Alibaba Cloud Unveils Qwen3.5-Omni: A Leap in Omni-Modal AI with SOTA Performance and Emergent Audio-Visual Coding

Qwen3.5-Omni, the latest iteration in the Qwen-Omni model family, has been introduced, representing a significant advancement over its predecessors. This new model scales to hundreds of billions of parameters and supports an extensive 256k context length.

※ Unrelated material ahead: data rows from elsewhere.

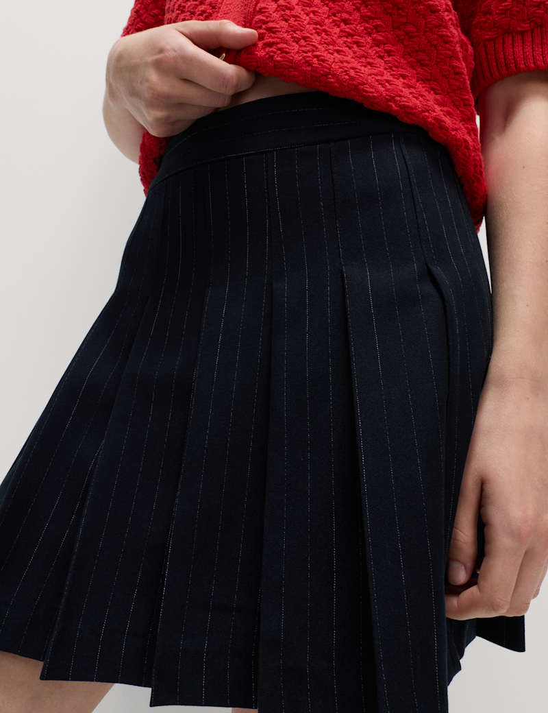 Take your 9-5 look up a notch with this pleated mini skirt. It's designed with a flattering high waist and is made from a woven fabric with added stretch for comfort. Crisp pinstripes and a zip fastening ensure a neat finish.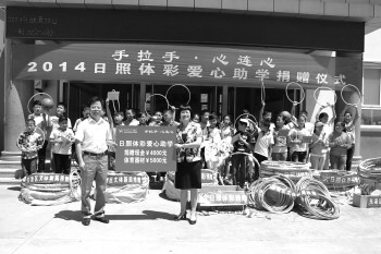 5月28日,日照体彩员工和东港文体局分别向日照街道第四小学捐助了4000元现金和价值5000元的体育器材。体育器材捐给学校,让学生们在体育课等锻炼时间使用;4000元现金分别捐助给8名贫困学生。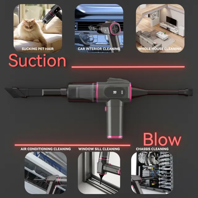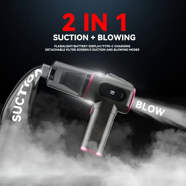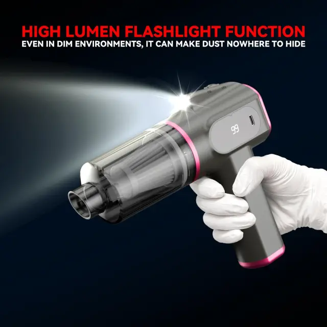 Brezžična priročnost: Uživajte v svobodi brezžičnega delovanja z našim ročnim sesalnikom. Njegova lahka zasnova in ergonomski ročaj zagotavljata udobno manevriranje, kar vam omogoča, da dosežete vsak kotiček vašega avtomobila brez težav z žicami. Polnilna baterija ponuja podaljšan čas delovanja, tako da lahko dokončate svoje naloge čiščenja brez prekinitev. Ta brezžična zasnova omogoča izjemno enostavno uporabo in shranjevanje, kar zagotavlja vrhunsko udobje za čiščenje na poti.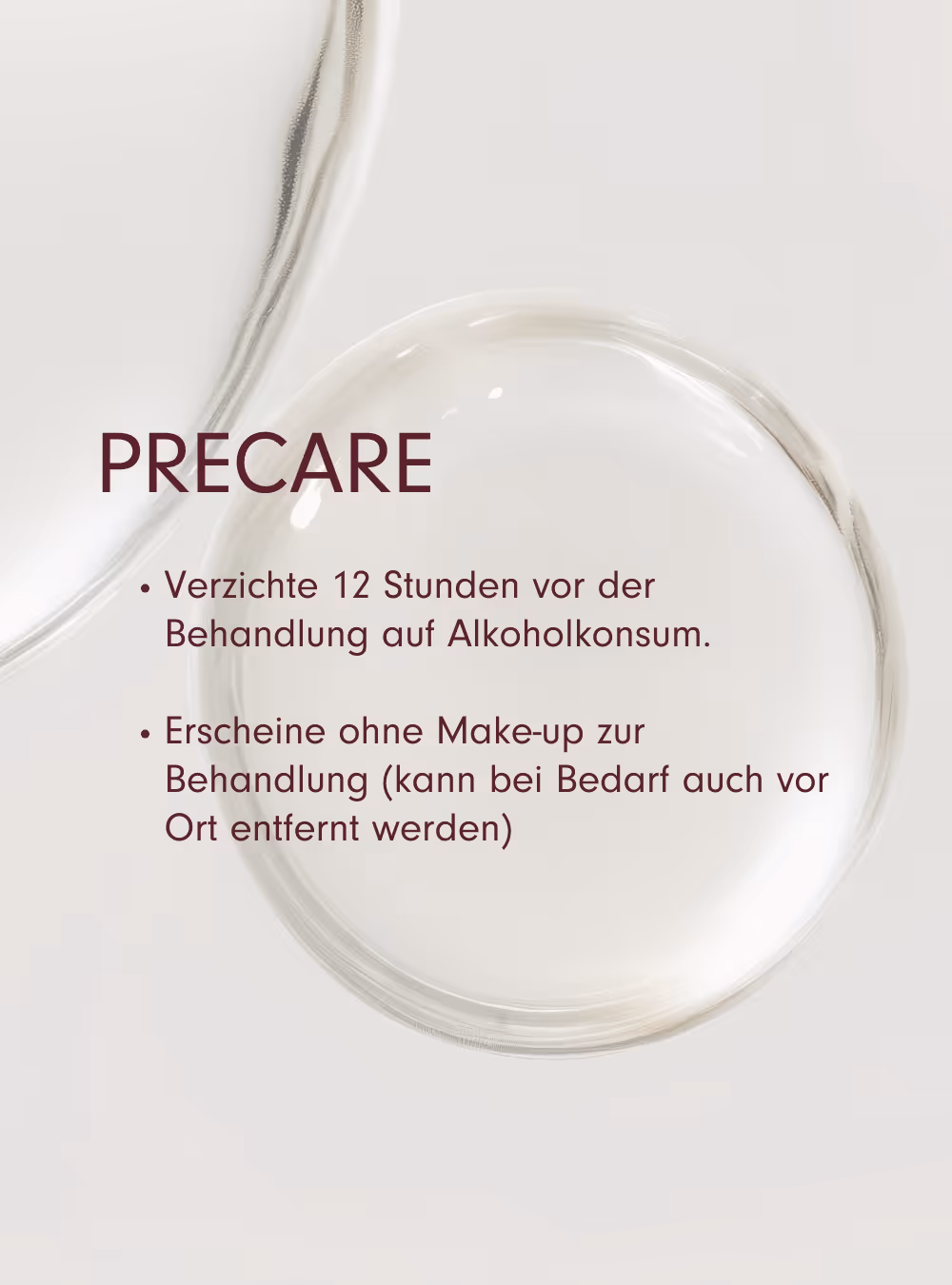 - Erscheine ohne Make-up zur Behandlung (kann bei Bedarf auch vor Ort entfernt werden).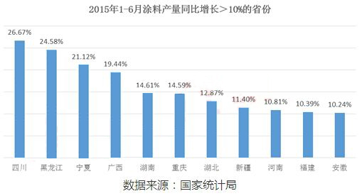 值得注意的是,中西部地區(qū)的防水涂料后勁十足,銷量大增。2015年上半年,四川省表現(xiàn)非常突出,其涂料總產(chǎn)量同比增長高達(dá)26.67%,涂料產(chǎn)量達(dá)到了56.21萬噸,位居第二梯隊之首,總排名第四。上半年四川省比去年同期增加涂料產(chǎn)量約15萬噸,新增產(chǎn)量相當(dāng)于北京市上半年涂料總產(chǎn)量8.6萬噸的1.74倍。排名第五和第六的分別為湖南49.20萬噸、山東45.63萬噸。下圖是2015年1-6月涂料產(chǎn)量同比增長>10%的省份。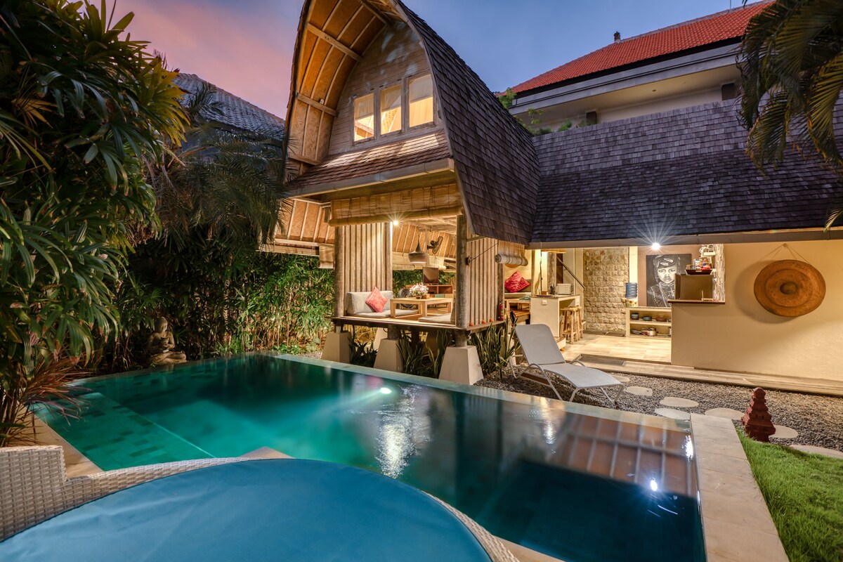 Krásná romantická vila s 1 ložnicí a koupelnou, soukromým bazénem, plovoucí snídaní, klimatizací, domácí zábavou, obývacím pokojem, vybavenou kuchyní, která se nachází v centru Seminyaku, v pěší vzdálenosti od nákupního centra, mezinárodních restaurací, kaváren, turistických atrakcí, SPA, nočního života a jen 7 minut jízdy od pláže. Tuto vilu jsme postavili s tolika láskou, aby vyhovovala novomanželům a páru, který prostě chce strávit kvalitní čas spolu v Seminyaku na Bali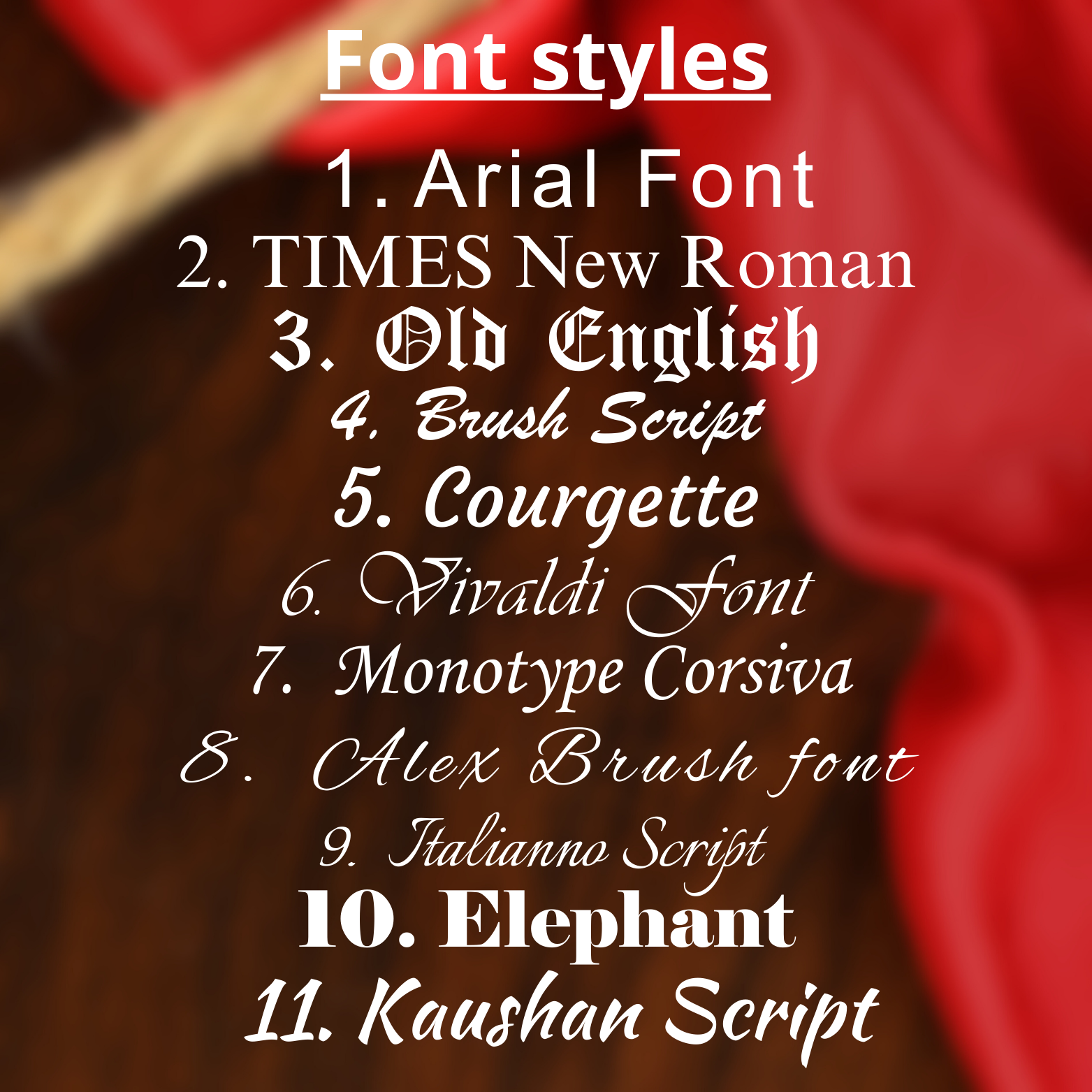 Wählen Sie aus unseren verfügbaren Schriftarten für Ihre Ringgravur. Geben Sie den Namen der Schriftart in das Gravurfeld auf der Produktseite ein, bevor Sie Ihre Bestellung aufgeben. Wenn Sie keine Schriftart auswählen, verwenden wir die Standardschriftart 'Arial'. Wenn Sie eine andere Schriftart bevorzugen, die nicht in der Liste enthalten ist, hinterlassen Sie uns bitte eine Nachricht mit dem Namen der Schriftart.

Leveraging a vast dataset of heterogeneous text-vision pairs and over 100 million hours of audio-visual content, Qwen3.5-Omni demonstrates robust omni-modality capabilities. Specifically, Qwen3.5-Omni-plus achieves State-of-the-Art (SOTA) results across 215 audio and audio-visual understanding, reasoning, and interaction subtasks and benchmarks. It notably surpasses Gemini-3.1 Pro in key audio tasks and matches its performance in comprehensive audio-visual understanding.

Architecturally, Qwen3.5-Omni employs a Hybrid Attention Mixture-of-Experts (MoE) framework for both its "Thinker" and "Talker" components, which enables efficient long-sequence inference. The model is engineered to facilitate sophisticated interaction, supporting over 10 hours of audio understanding and processing 400 seconds of 720P video at 1 FPS.

To address the inherent instability and unnaturalness often observed in streaming speech synthesis, which can stem from encoding efficiency discrepancies between text and speech tokenizers, Qwen3.5-Omni introduces ARIA. This innovation dynamically aligns text and speech units, significantly enhancing the stability and prosody of conversational speech with minimal latency impact.

Furthermore, Qwen3.5-Omni expands linguistic capabilities, offering multilingual understanding and speech generation across 10 languages with human-like emotional nuance. The model also exhibits superior audio-visual grounding, capable of generating script-level structured captions with precise temporal synchronization and automated scene segmentation.

Remarkably, the development of Qwen3.5-Omni has revealed an emergent capability in omnimodal models: the ability to directly perform coding based on audio-visual instructions. This groundbreaking feature has been termed "Audio-Visual Vibe Coding," hinting at new paradigms for human-AI interaction and development.